You may report each excision separately, and you may also report free skin grafts (15000-15261) if the physician uses a graft to close the wound or donor site.

For example, the physician removes both a coccygeal pressure ulcer and a sacral pressure ulcer with ostectomy. Report 15920 and 15935. In addition, the physician uses a full-thickness graft to close the sacral pressure ulcer excision. Therefore, you may report, for instance, 15200 (Full-thickness graft, free, including direct closure of donor site, trunk; 20 sq cm or less).

If you don't think the physician's documentation will support a code from the 15920-15999 range, you could select 11000 (Debridement of extensive eczematous or infected skin; up to 10% of body surface).

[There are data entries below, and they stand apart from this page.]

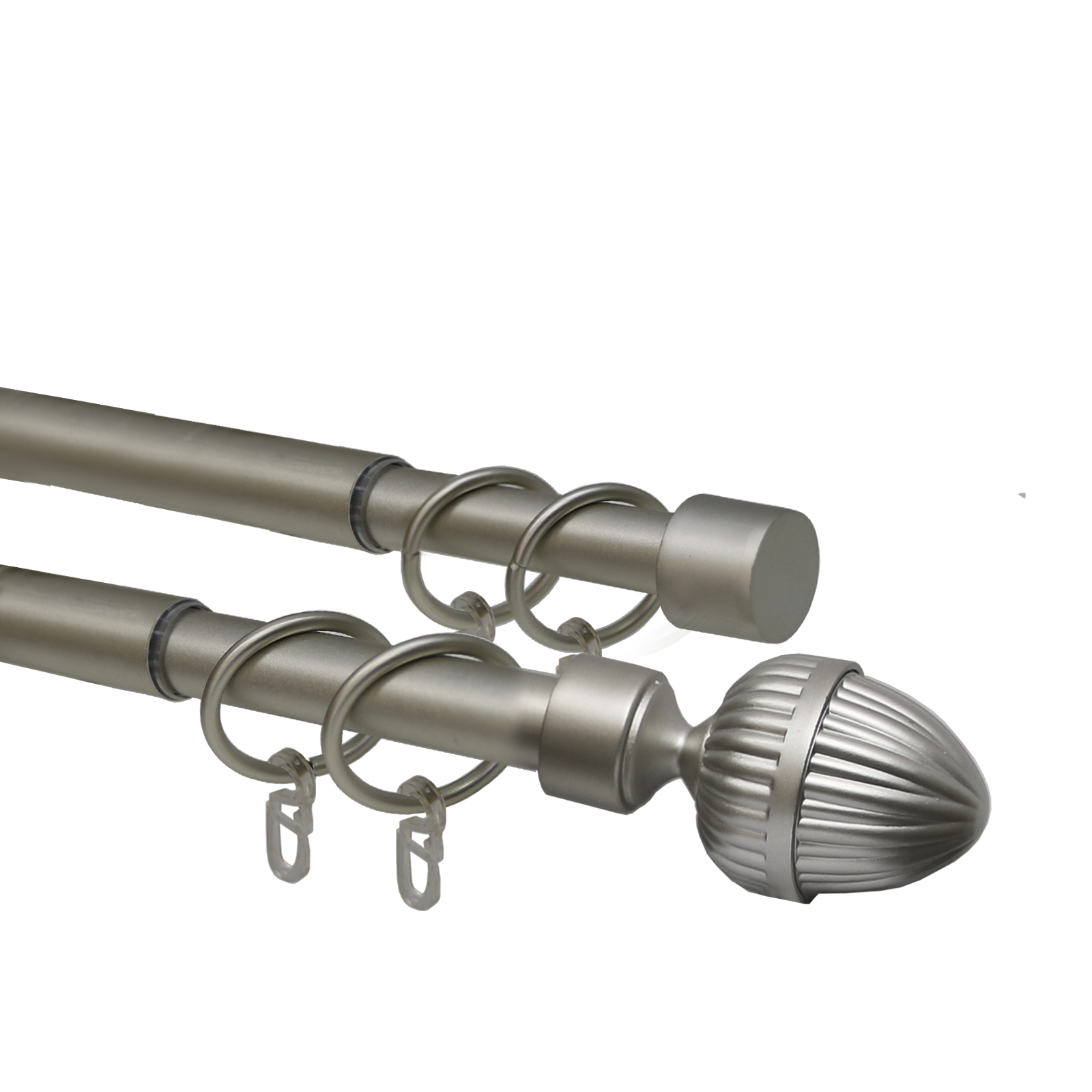 Данный карниз практичное и стильное решение для подвеса штор, сделан из долговечного и прочного материала. Главным преимуществом раздвижного карниза является возможность регулировки длины штанги в зависимости от заданных размеров помещения. Эти держатели для штор представляют собой две металлические трубки, вставленные друг в друга. За счет внутреннего поворотного механизма меньшая по диаметру штанга может выдвигаться из большей или задвигаться на всю свою длину.
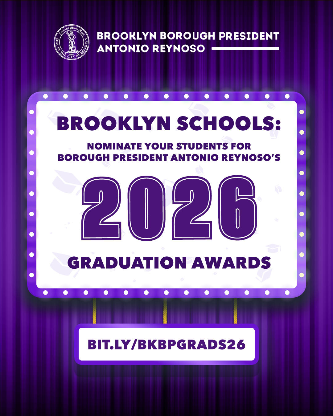 Nominate Brooklyn Students for Brooklyn Borough President Reynoso’s 2026 Graduation Awards Nominations Close: Monday, June 1 at 5:00pm Borough President Reynoso is proud to announce that nominations are now open for his 2026 Pre-K-12 Graduation Awards! This year’s awards will follow the previous year’s categories, ensuring we’re awarding students for both academic achievement and other […]
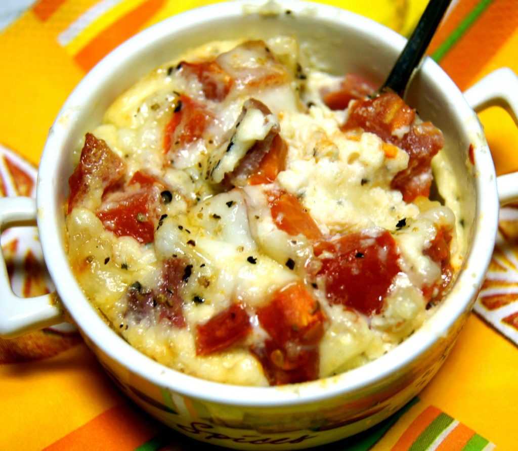 В этом случае у меня со вчерашнего дня оставалась отварная курица (грудка , около 100 гр.) и макароны (ракушки, примерно в таком же количестве). Яйца, в таком случае мне хватает одного, а молока пара столовых ложек.
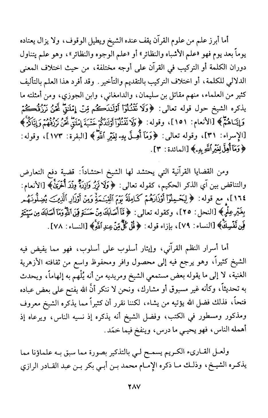 الشيخ كثيراً، وهو يرجع فيه إلى محصول وافر ومحفوظ واسع من ثقافته الأزهرية
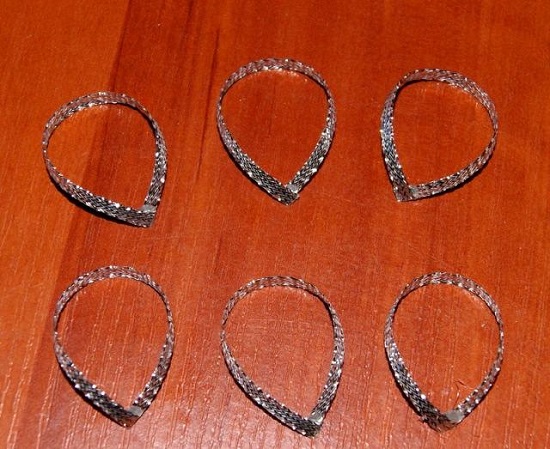 Тепер срібну стрічку нарізаємо на шість відрізків довжиною 8 см і теж робимо з них вушка.
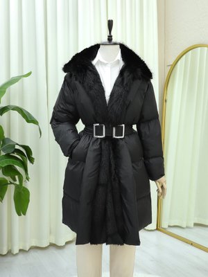 Podyumplus Siyah Kürk Detaylı Kemerli Cepli Şişme Mont
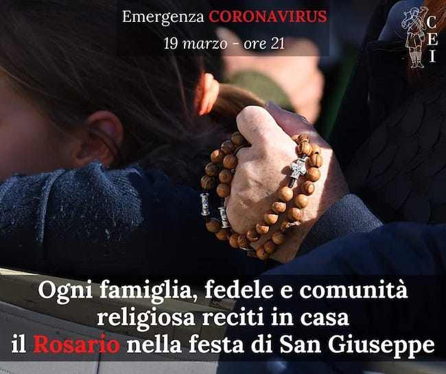 Giovedì 19 marzo alle ore 21:00 la Chiesa tutta si unirà nella preghiera del Santo Rosario
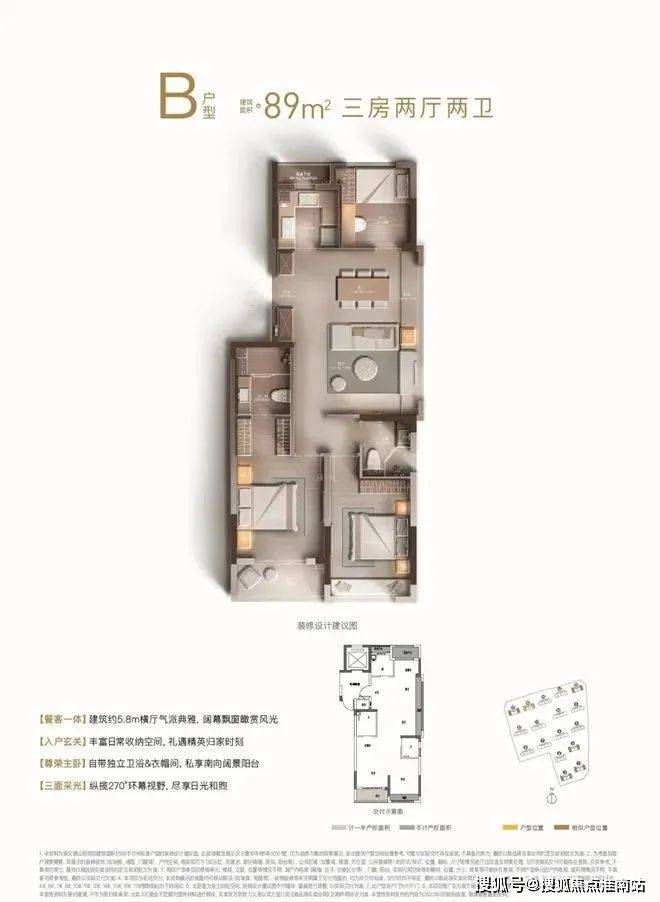 ⑤匠心户型合理规划布局,建面约89㎡刚需挚爱、建面约110㎡轻松进阶
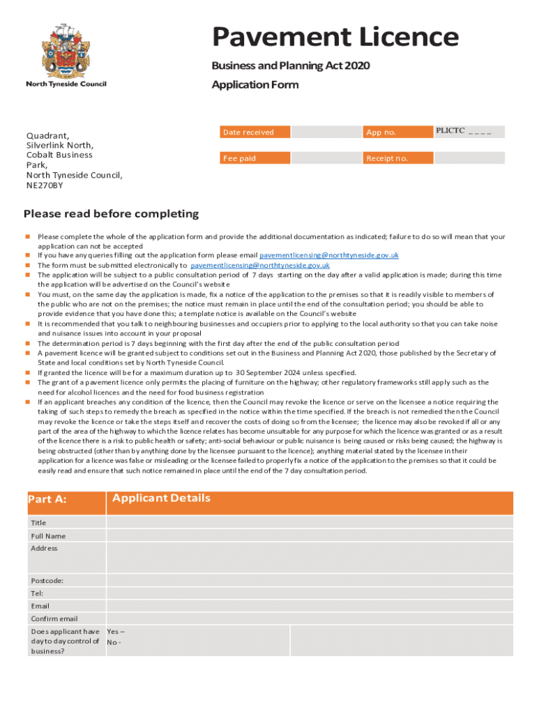 Pavement License Business and Planning Act 2020 Application FormQuadrant, Silver link North, Cobalt Business Park, North Inside Council, NE270BYDate received no. Fee paidReceipt no. PLINTH _ _ _ _Please
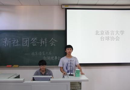 9月14日15时,北京语言大学社团理事会在教二楼406教室召开了新社团的答辩会。出席答辩会的有团委老师刘新宇、社团理事会主席团及相关部长、有意愿注册新社团的社团负责人和协助人员。
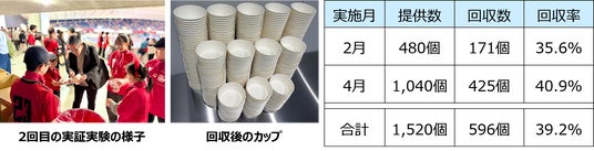 この結果を受け、2025年4月5日~6日に行われたアルバルク東京対千葉ジェッツ戦では、同じく代々木第一体育館にてFFカップの提供数を1,040個に、回収場所も1か所から3か所に増やして検証を行いました。結果、425個のカップが回収され40.9%の回収率となりました。
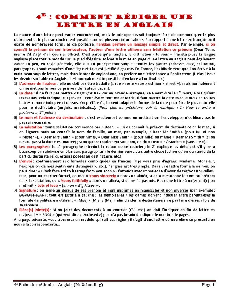 R diger une lettre en anglais. Vous pouvez même rédiger une lettre sadressant au défunt. Voici un guide méthodologique pour que vous puissiez rédiger une lettre de motivation en anglais cover letter parfaite et trouver un emploi ou stage de rêve dans un pays. Rédiger une lettre formelle cours. Lettre de motivation en anglais. Thank you for your letter of may 28th. 1 on écrit son adresse dans le coin en haut à droite.

In this case, you cannot code the sites separately because 11000's descriptor specifies a certain percentage of body surface. Rather, you should add the total surface area of the two sites together to get the appropriate percentage. Based on that total area, you would report 11000, and add-on code +11001 (... each additional 10% of the body surface [list separately in addition to code for primary procedure]) if the physician debrides a total area greater than 10 percent.

If the infected decubiti extend deeper than the skin or if debridement involves more than just skin, you might also report a code from the 11040-11044 series (Debridement; skin, partial/full thickness, subcutaneous tissue, muscle and bone).